Methodological Note: Malala Said She Got It Wrong. I Think She Got It More Right Than She Knows.

par | Juin 8, 2026

Tools Used:

This article is a direct response to a TED Talk – Malala Yousafzai’s « What I Got Wrong About Changing the World, » delivered at TED2026 in Vancouver in April 2026. The primary source is the talk itself, watched in full. Secondary context came from Nice News’ editorial recap of TED2026, which provided background on the conference theme and other speakers. No AI tool was used in the writing or research process for this piece.

Choosing the Video:

TED2026’s theme – « All of Us » – felt immediately relevant to the kind of questions I’ve been thinking about this year: collective responsibility, generational disengagement, the distance between awareness and action. Malala’s talk stood out among the conference highlights because it was structured around self-criticism rather than inspiration, which is a less common and more interesting frame for someone with her level of recognition.

The decision to respond to this specific talk rather than write a general overview of TED2026 was deliberate. A video response article works better when it has a clear point of view, and Malala’s three-lesson structure gave something concrete to agree with, complicate, and push back on.

Writing Process:

The article was written directly from notes taken while watching the talk. The structure follows the progression of my own reaction: initial engagement, analysis of the three lessons, then the part that didn’t fully sit right – the question of scale and what « start with something » actually means for people without a global platform. That tension drove the editorial angle.

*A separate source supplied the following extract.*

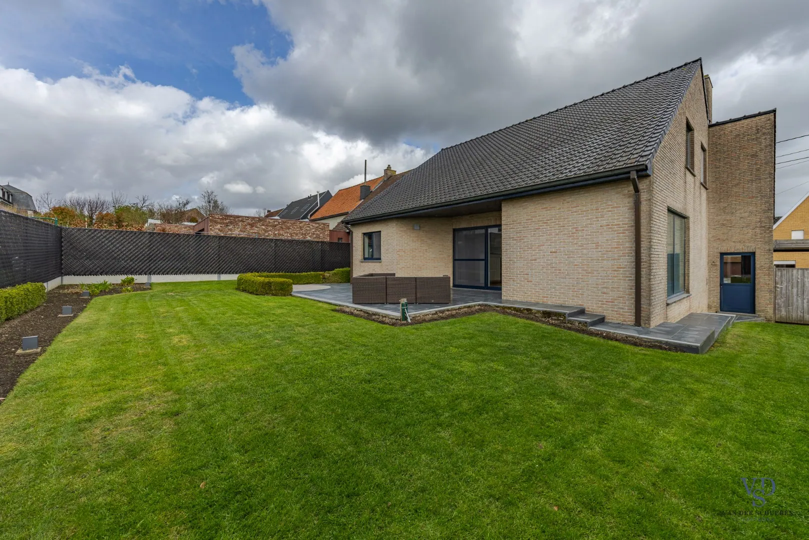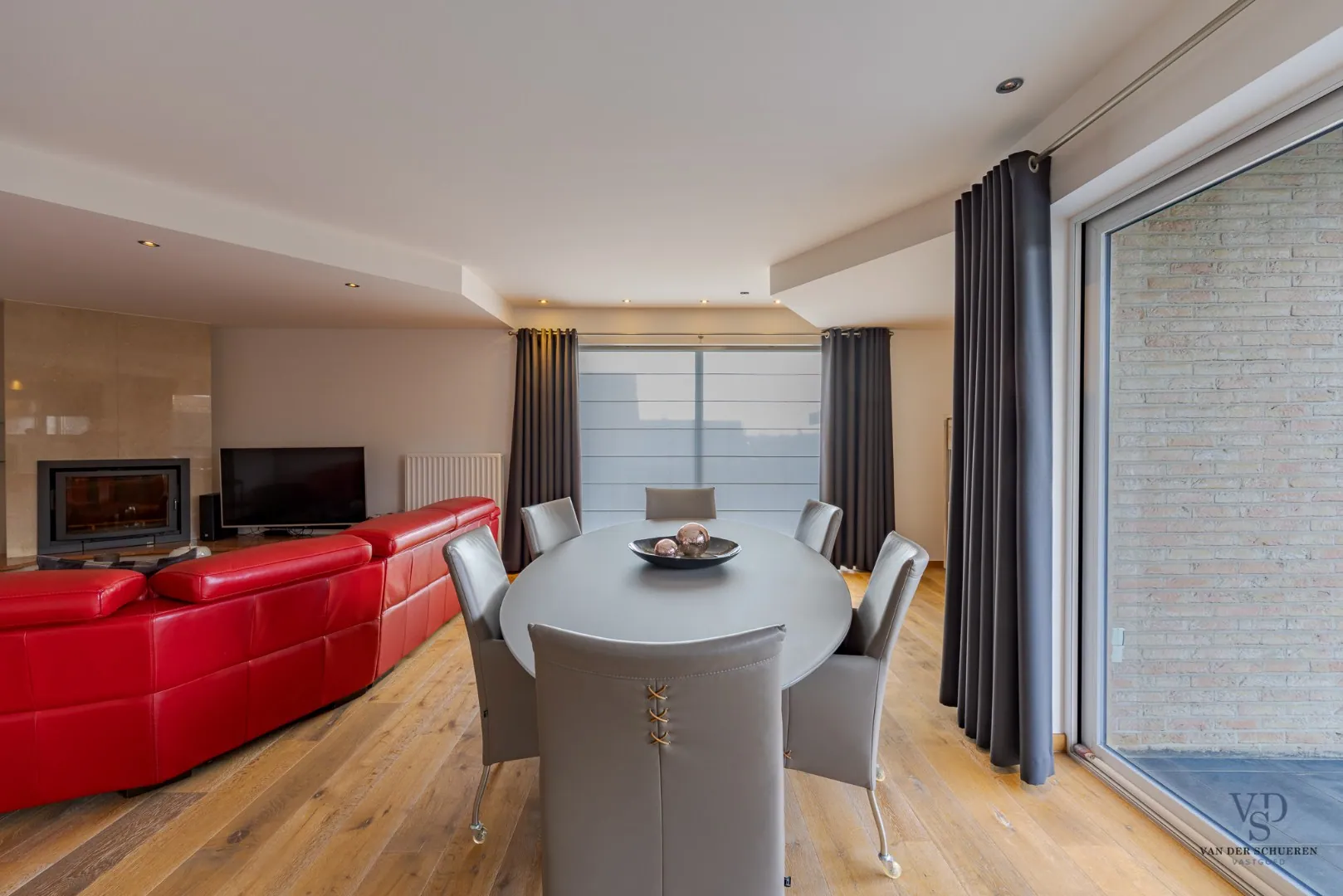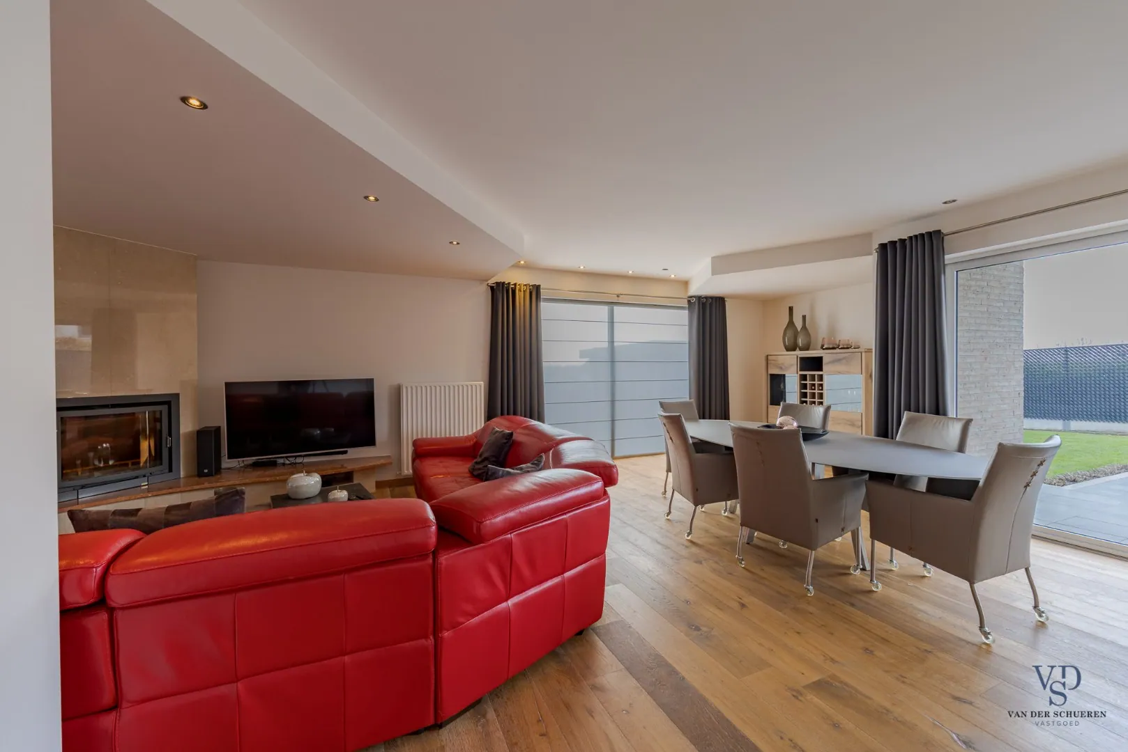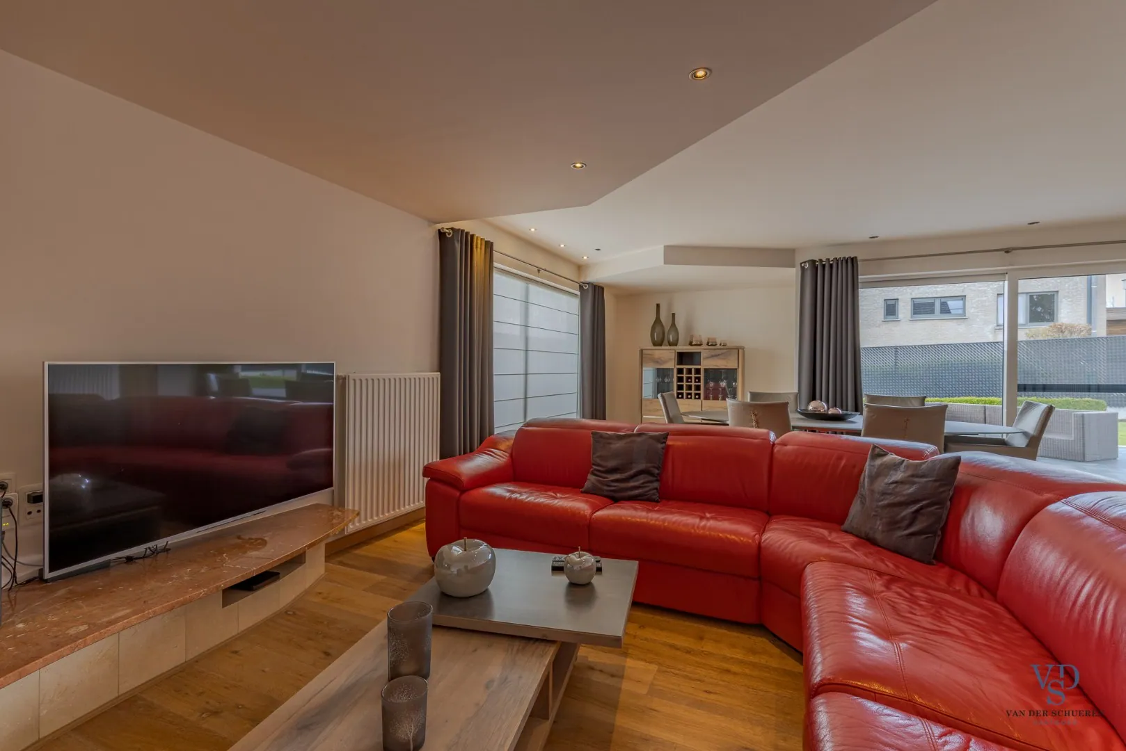 De centrale inkomhal brengt u naar de bar, een ruime plek met tal van invullingsmogelijkheden (zoals een bureel of hobbyruimte), die u vervolgens leidt naar de praktische keuken. De ruime lichtrijke leefruimte sluit hierop mooi aan.

This is the one article in this series where AI had no involvement at all – not for research, not for editing, not for fact-checking. The talk is recent, publicly available, and straightforward to engage with directly. The point of view is entirely personal.

A Note on the Format:

Embedding the video directly at the top of the article was an intentional structural choice: the reader should be able to watch before reading, or pause and return. The article isn’t a summary – it assumes some familiarity with what Malala says, or invites the reader to go find out. That’s the difference between a video response and a recap, and it’s the format I wanted to write in.